The Supreme Court is very likely about to take a sledgehammer to the wall of separation between church and state. Next month, the justices will hear oral argument in Carson v. Makin, a Maine school funding case that gives the conservative majority a chance to hold, for the first time, that taxpayers must support a specifically religious activity: sectarian education. That would open the floodgates to more government funding for more religious activity—even religions that treat women, gay people, and trans people as second-class citizens.
The Court is in the midst of a radical redirection on religion, which the First Amendment addresses in two clauses: one that prohibits the government from establishing an official religion, and another that prohibits the state from interfering with the free exercise of one’s religious beliefs.
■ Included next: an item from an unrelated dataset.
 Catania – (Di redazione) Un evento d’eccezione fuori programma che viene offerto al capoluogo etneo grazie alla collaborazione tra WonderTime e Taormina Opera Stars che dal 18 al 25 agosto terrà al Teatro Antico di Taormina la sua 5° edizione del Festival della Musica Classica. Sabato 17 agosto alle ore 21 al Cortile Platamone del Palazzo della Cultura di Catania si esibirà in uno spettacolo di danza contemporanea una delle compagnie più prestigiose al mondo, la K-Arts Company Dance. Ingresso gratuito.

Between the end of World War II and the end of the Warren Court in 1969, the Court used the Establishment Clause as a powerful force for keeping government and religion apart. Today, the Court is expansively reinterpreting the Free Exercise Clause to impose its preferred religion on people who do not want to support it.
Some of the Court’s revered landmark cases have upheld the right of Americans not to have religion forced on them. In 1948, in McCollum v. Board of Education, it ruled that a public school set-aside of classroom time for religious instruction violated the Establishment Clause; in 1962, it held in Engel v. Vitale that a non-denominational prayer at the start of the school day did, too. These decisions did not reflect hostility towards religion, but protected the freedoms of Americans of all religions and no religion by erecting, as the McCollum Court put it, “a wall between Church and State which must be kept high and impregnable.”
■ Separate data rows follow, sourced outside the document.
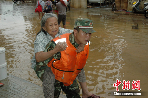 洪水退后,文昌市被淹居民已陸續(xù)回到家中。10日上午,海南邊防總隊(duì)文昌邊防支隊(duì)駐清瀾執(zhí)勤點(diǎn)的海警二支隊(duì)1003艦共100余名官兵,攜帶鐵鍬、掃帚等工具,來(lái)到洪水浸泡過(guò)的文城鎮(zhèn),清理道路淤泥垃圾,疏通下水管道,幫助群眾搬運(yùn)家電家具,協(xié)助司機(jī)推拉路邊拋錨車輛。9時(shí)許,得知文城鎮(zhèn)一棟樓房中有一對(duì)七旬老夫妻被困家中,身體虛弱急待救援,邊防官兵立即趕了過(guò)去。
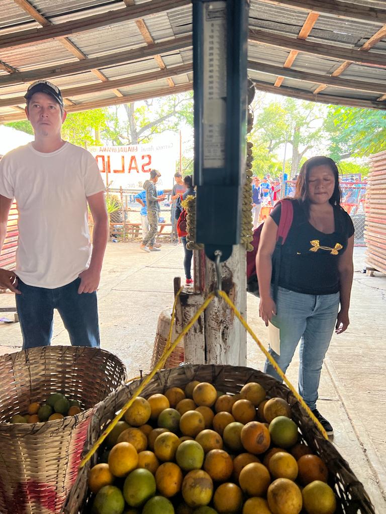 Y en efecto son 65 kilos de carga. No hay trampa. Los pesaron desde temprano en la báscula y, para que no quepa duda, zurcen un costal a la boca de los colotes. Nadie puede tirar peso.
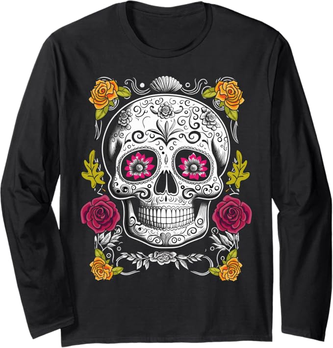Mexican Day of the Dead Sugar Skull Long Sleeve T-Shirt
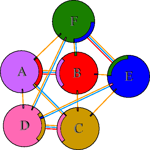Interacting chains are joined by coloured lines, each representing
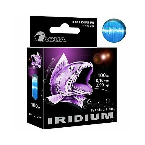 - Леска AQUA IRIDIUM выпускается в голубом цвете, в диаметрах от 0,16 до 0,40mm, что позволит подобрать подходящий вариант для любого вида ловли, будь то матчевая удочка, фидерное удилище, спиннинг или троллинговая снасть.

The conservative justices have spent their entire careers in an ideological bubble that equates the Establishment Clause’s existence to an all-out assault on the Christian right’s authority to impose its views on everyone else.
As the Court moved rightward, however, it has been far more willing to allow government and religion to intermingle, rewarding the conservative Christian coalitions whose activism fueled the rise of the modern right. Last year, in Espinoza v. Montana Department of Revenue, the Court held that Montana violated the First Amendment by barring religiously-affiliated schools from a state scholarship fund simply because of their “status” as such, without regard to whether the schools were actually teaching religion—what the Court distinguished as the funding’s “use.” Justice Sonia Sotomayor, in dissent, wrote that the decision upset the balance the Constitution strikes in its Religion Clauses and “weakens this country’s longstanding commitment to a separation of church and state beneficial to both.”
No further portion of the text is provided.